Write out each record below exactly, but not the pictures.
————
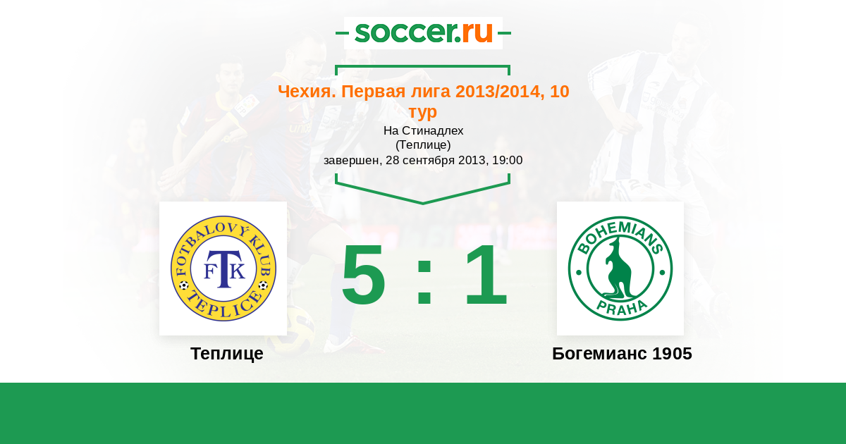 Чехия. Первая Лига 11.04.2014 Богемианс 1905 Логотип футбольный клуб Богемианс 1905 (Прага) 3:1 Логотип футбольный клуб Теплице Теплице
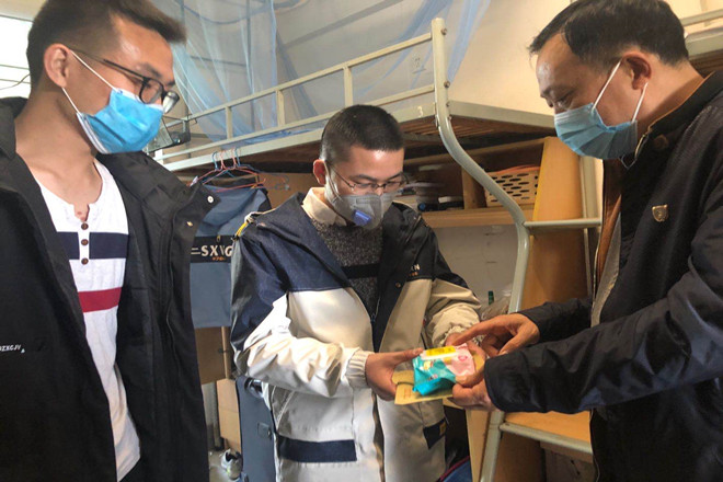 一行人先后来到梅园和瀚苑。在学生宿舍,院领导详细询问了返校学生的健康状况、心理状态、学习情况和毕业进展,对返校同学表达了深切的关心,并代表学院送上口罩、消毒湿巾、消毒洗手液等防疫物资。同时,给每个宿舍发放了返校须知,要求学生张贴在宿舍,认真阅读。交谈中,老师们叮嘱学生要严格遵守学校的管理规定,少流动,不外出,做好自我防护,按时“晨午检”和“晚点名”,有特殊情况及时联系辅导员。
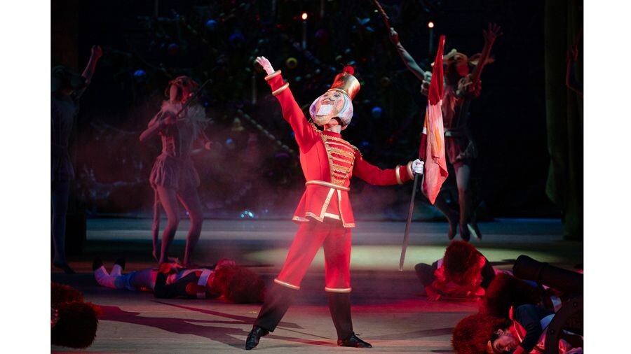 Рождественский бал сверкает польками и галопами. Одноглазый Дроссельмейер (Дмитрий Сагдеев) «угощает» гостей танцами механических кукол. Из больших коробок, похожих на шкафы, выскакивают бодрые Арлекин (Ринтаро Мукаи) и Коломбина (Софья Туманова), грациозные Маркитантка (Манаэ Банно) и Рекрут (Денис Мазанов). Еще одна кукла — Ирландец (Максим Морозов). Ее не было ни в одном из виденных «Щелкунчиков», и открыл ее Бурлака: в архивах мемориального музея композитора в Клину он нашел музыку, написанную Чайковским специально к балету «Щелкунчик», и поставил живую динамичную вариацию Ирландца. Бодро марширует Зайчик-барабанщик (Искандар Абельгузин). Усталая Бабушка (Ольга Марочкина) возит на инвалидном кресле Дедушку (Кирилл Софронов), который потерял способность ходить, а он вдруг пускается в пляс вместе со своей заботливой женушкой.
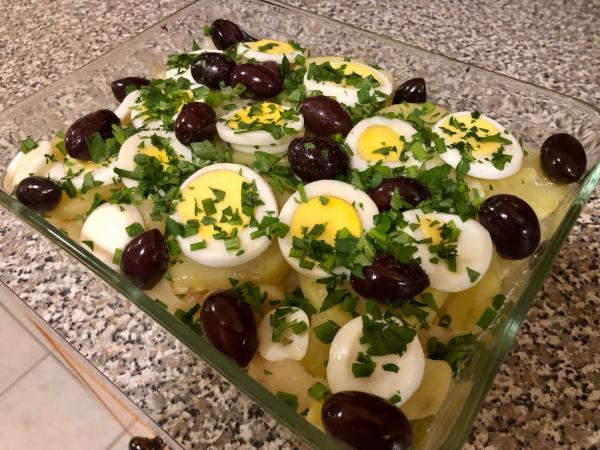 Guarnição: batatas Yukon Gold, azeitonas gregas Kalamata e ovos orgânicos.
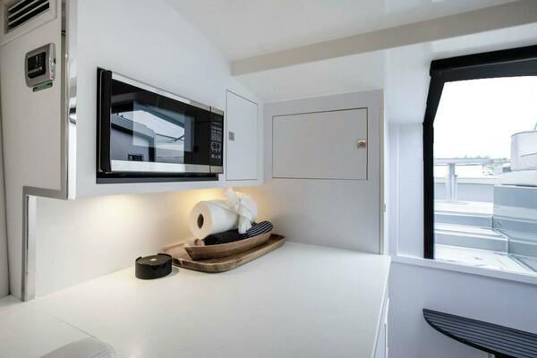 - Refrigerator, sink and hot plate hidden under seat cushion
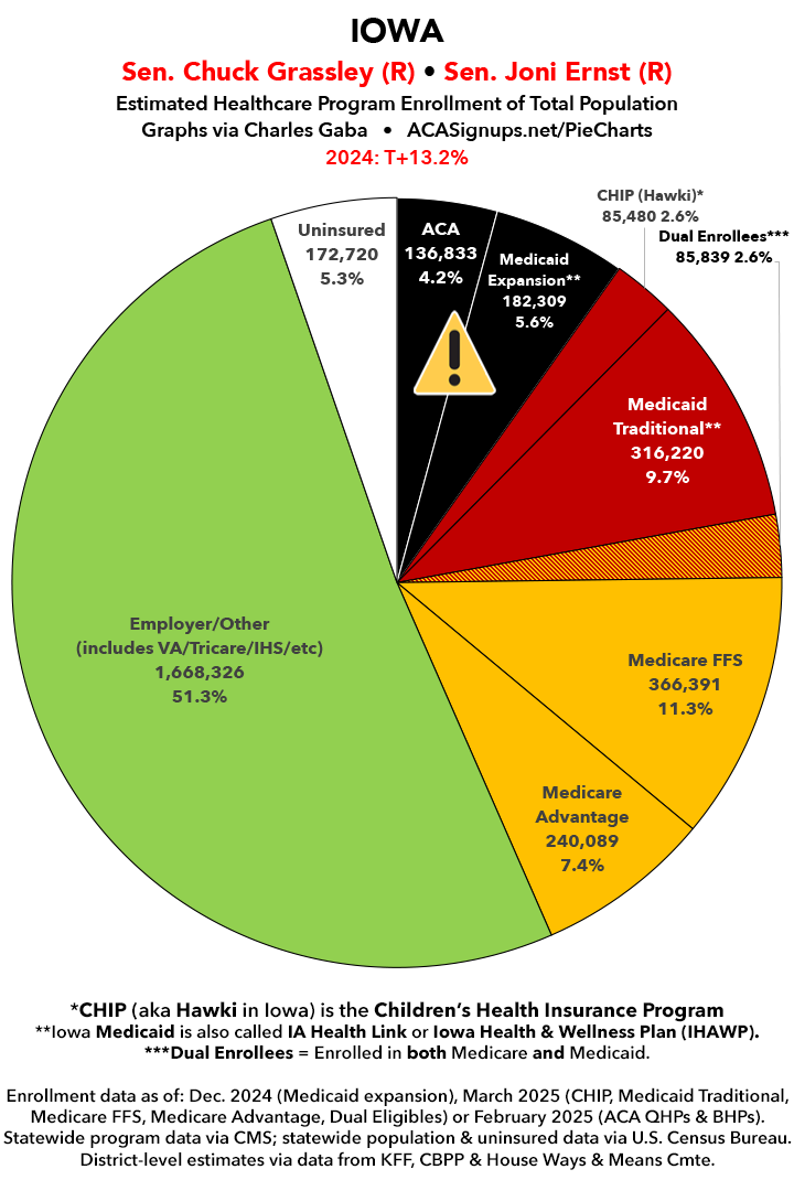 UPDATE 7/4/25: I've updated the web versions of the graphics with the most up-to-date enrollment data I have access to. The black sections w/the ⚠️ symbol are those most at risk of losing healthcare coverage due to H.R. 1, the "One Big Beautiful Bill Act" (aka the #MAGAMurderBill).
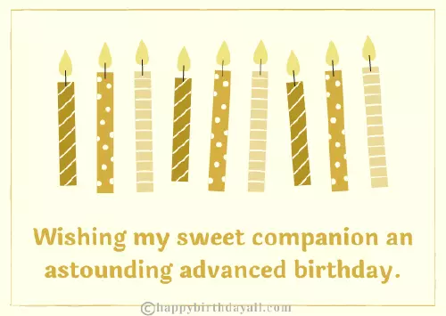 advance happy birthday advance!to make your and eccentricity. Happy birthday in much that I advance my dear on time. I wish all sending you birthday a commendable birthday
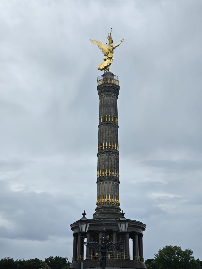 Unfortunately, we didn’t get very close to the Brandenburg Gate, as the largest fan mile in Germany for the European Football (Soccer) Championship was built around the Brandenburg Gate. The European Football Championship 2024 will take place in Germany from June 14, 2024 to July 14. Berlin is one of the main venues. The final will take place in the Berlin Olympic Stadium on July 14, 2024. The Republic Square (Platz der Republik) in front of the Reichstag was also largely cordoned off, so we couldn’t take our obligatory tourist photo here either. Bellevue Castle is the first official residence of our Federal President. Some of us still had enough energy to climb the steps to the 50m high viewing platform of the Siegessäule (Victory Column). The Siegessäule on the Großer Stern in the Tiergarten is one of the most important national monuments in Germany and the most important sights in Berlin. Built between 1864 and 1873 to commemorate the Wars of Unification. The crowning Victoria is called “Goldelse” in Berlin vernacular. The Siegessäule stands in the middle of the Großer Stern, which is designed as a six-lane roundabout and can be reached to the west and east via T-shaped pedestrian tunnels below the road. From the viewing platform we were finally able to zoom in on the Brandenburg Gate with our smartphones, so that we were able to take a somewhat acceptable photo of what is perhaps Berlin’s most important landmark. After we had descended the 285 steps to the base of the Victory Column, we agreed that we had done enough physical activity for today. We then went straight to my Berlin cousin’s apartment, where his wife had already prepared coffee and cake for us.
————
#### EXERCISE RESULT:
 Чехия. Первая Лига 11.04.2014 Богемианс 1905 Логотип футбольный клуб Богемианс 1905 (Прага) 3:1 Логотип футбольный клуб Теплице Теплице
 一行人先后来到梅园和瀚苑。在学生宿舍,院领导详细询问了返校学生的健康状况、心理状态、学习情况和毕业进展,对返校同学表达了深切的关心,并代表学院送上口罩、消毒湿巾、消毒洗手液等防疫物资。同时,给每个宿舍发放了返校须知,要求学生张贴在宿舍,认真阅读。交谈中,老师们叮嘱学生要严格遵守学校的管理规定,少流动,不外出,做好自我防护,按时“晨午检”和“晚点名”,有特殊情况及时联系辅导员。
 Рождественский бал сверкает польками и галопами. Одноглазый Дроссельмейер (Дмитрий Сагдеев) «угощает» гостей танцами механических кукол. Из больших коробок, похожих на шкафы, выскакивают бодрые Арлекин (Ринтаро Мукаи) и Коломбина (Софья Туманова), грациозные Маркитантка (Манаэ Банно) и Рекрут (Денис Мазанов). Еще одна кукла — Ирландец (Максим Морозов). Ее не было ни в одном из виденных «Щелкунчиков», и открыл ее Бурлака: в архивах мемориального музея композитора в Клину он нашел музыку, написанную Чайковским специально к балету «Щелкунчик», и поставил живую динамичную вариацию Ирландца. Бодро марширует Зайчик-барабанщик (Искандар Абельгузин). Усталая Бабушка (Ольга Марочкина) возит на инвалидном кресле Дедушку (Кирилл Софронов), который потерял способность ходить, а он вдруг пускается в пляс вместе со своей заботливой женушкой.
 Guarnição: batatas Yukon Gold, azeitonas gregas Kalamata e ovos orgânicos.
 - Refrigerator, sink and hot plate hidden under seat cushion
 UPDATE 7/4/25: I've updated the web versions of the graphics with the most up-to-date enrollment data I have access to. The black sections w/the ⚠️ symbol are those most at risk of losing healthcare coverage due to H.R. 1, the "One Big Beautiful Bill Act" (aka the #MAGAMurderBill).
 advance happy birthday advance!to make your and eccentricity. Happy birthday in much that I advance my dear on time. I wish all sending you birthday a commendable birthday
 Unfortunately, we didn’t get very close to the Brandenburg Gate, as the largest fan mile in Germany for the European Football (Soccer) Championship was built around the Brandenburg Gate. The European Football Championship 2024 will take place in Germany from June 14, 2024 to July 14. Berlin is one of the main venues. The final will take place in the Berlin Olympic Stadium on July 14, 2024. The Republic Square (Platz der Republik) in front of the Reichstag was also largely cordoned off, so we couldn’t take our obligatory tourist photo here either. Bellevue Castle is the first official residence of our Federal President. Some of us still had enough energy to climb the steps to the 50m high viewing platform of the Siegessäule (Victory Column). The Siegessäule on the Großer Stern in the Tiergarten is one of the most important national monuments in Germany and the most important sights in Berlin. Built between 1864 and 1873 to commemorate the Wars of Unification. The crowning Victoria is called “Goldelse” in Berlin vernacular. The Siegessäule stands in the middle of the Großer Stern, which is designed as a six-lane roundabout and can be reached to the west and east via T-shaped pedestrian tunnels below the road. From the viewing platform we were finally able to zoom in on the Brandenburg Gate with our smartphones, so that we were able to take a somewhat acceptable photo of what is perhaps Berlin’s most important landmark. After we had descended the 285 steps to the base of the Victory Column, we agreed that we had done enough physical activity for today. We then went straight to my Berlin cousin’s apartment, where his wife had already prepared coffee and cake for us.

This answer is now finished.